Later, we walked into the fort's stable to look at the special breed of Marwari
horses, the mares gorgeous, their bodies taut, their rumps like planets, as Pablo
Neruda described them. The ride began next morning, the
horses saddled, the riders in jodhpurs and long boots, all slathered with sunscreen.
Laurent Millet, the French photographer and I opted for the unkempt camels over
the alluring horses. The camel carts were stacked with relief supplies for the
underprivileged and there was just enough space to squeeze in. But who would have
thought that hopping into a camel cart would be such an arduous proposition. I
put my right foot on the wooden protuberance, slipped and nearly fell. Next time,
the camel wriggled and I was back on the ground. Another try: I put my foot on
wood and Millet pulled me into the cart. I am sure I made a funny sight, but being
petite can have its riotous moments. As a kid I had a
leopard at home, I can recognize an animal's upset tummy with the rumble that
it makes from its rear. But a camel? Never sit near a camel with a bad stomach,
you might just die of the stench or choke on your own giggles like I did every
time the camel blurted from its rear. Imagine my plight, I was barely 12 inches
away from the camel's butt. So much for my first camel ride! The
camel crawled and if I had started to walk, I would have reached the destination
much earlier. But when you are on a camel cart trudging on mud roads slim as a
twig, destination can be elusive. The riders on horseback, the cooks in an open
jeep and we in the camel cart were supposed to meet in a tiny orchard some 20
kms away for lunch. But lunch it was not to be, the mud road took us way off the
destination. Millet and I were lost in the middle of a village where there were
no phone booths and the cell phones lay dead. Standing on a crossroad I flagged
down a vehicle and requested three strangers wearing ear studs and looking menacing
to take me to the nearest phone booth. The phone was not working and I sat there
on the wooden bench looking greedily at the jalebis.
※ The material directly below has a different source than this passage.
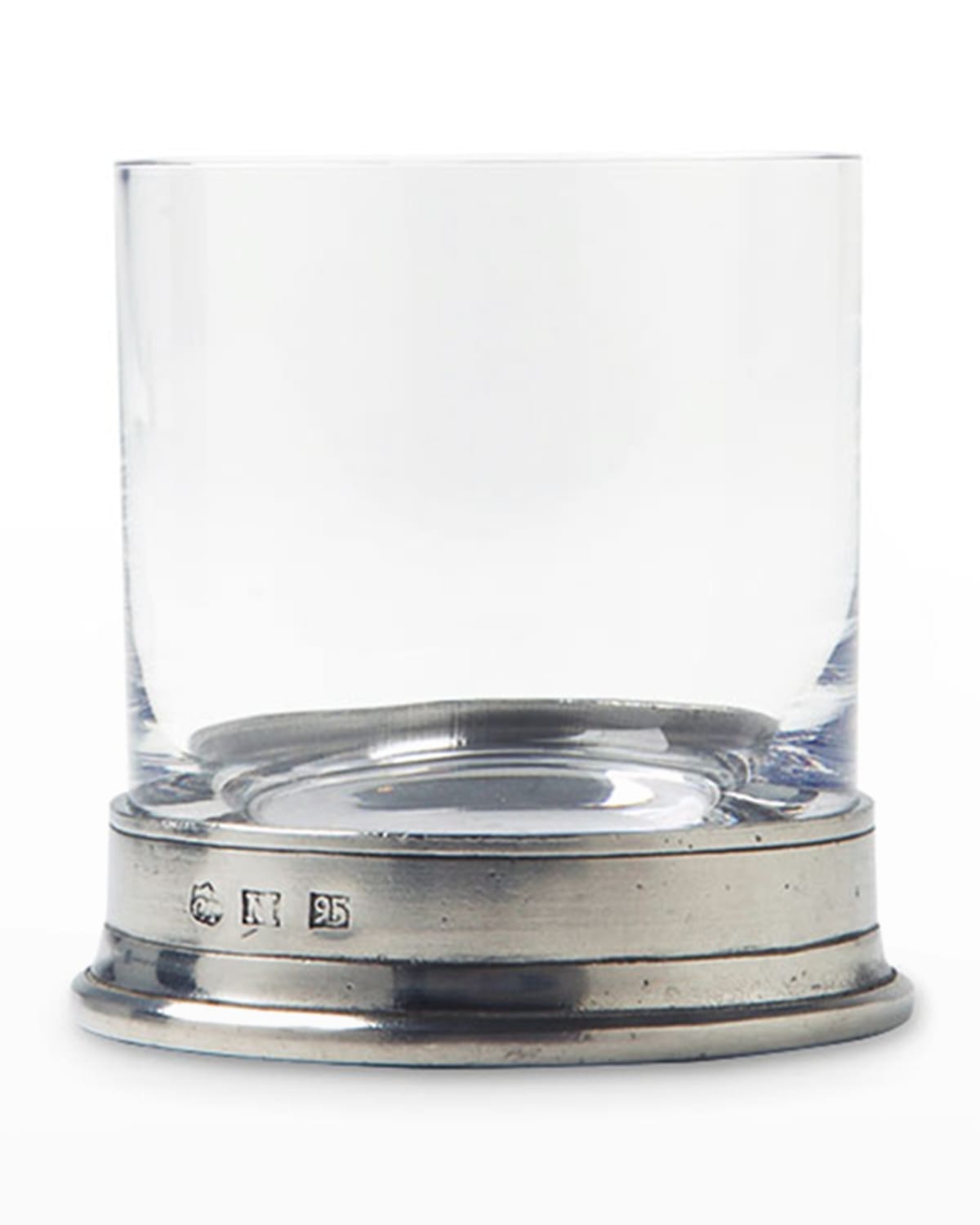 Handcrafted drinking glass. Pewter and leadfree crystal. Overall, 3.5"H. Can hold up to 8 oz. Handmade in Italy.

After
much effort and several prayers to the phone, the rescue vehicle arrived and we
just about made for lunch in the tiny orchard. A hearty lunch and I was back on
the camel cart (well, I never give up, do I?) to another village where we were
supposed to camp in tents in an open desert. The moon shone, the owls howled,
we could hear our own heartbeats, the walkie talkie got cranky and we got lost
again. The camel cart rider ran to the nearest hut for directions, the walkie-talkie
finally beeped and we reached the camping ground where a bonfire lit the dark
night. The campsite looked stunning and it had all one
could ask for: water being heated in gigantic copper pots, food being cooked in
a nearby tent, bottled water, bonfire for warmth, soup for revival of spirits
and a caravan with flush toilets. The cell phones weren't working and there was
no electricity but nobody whined. Alexis Ruffat, the French army commando spun
tales, Alice Read read Amy Tan, Karen Cedar scribbled in her journal and Alexander
caressed his favorite horse. I walked barefoot on the silken sand watching the
spider webbing the sky, the ants plodding and the cacti cracking the earth. I
kept walking for it was all so chaste; nobody was vending a masquerade there.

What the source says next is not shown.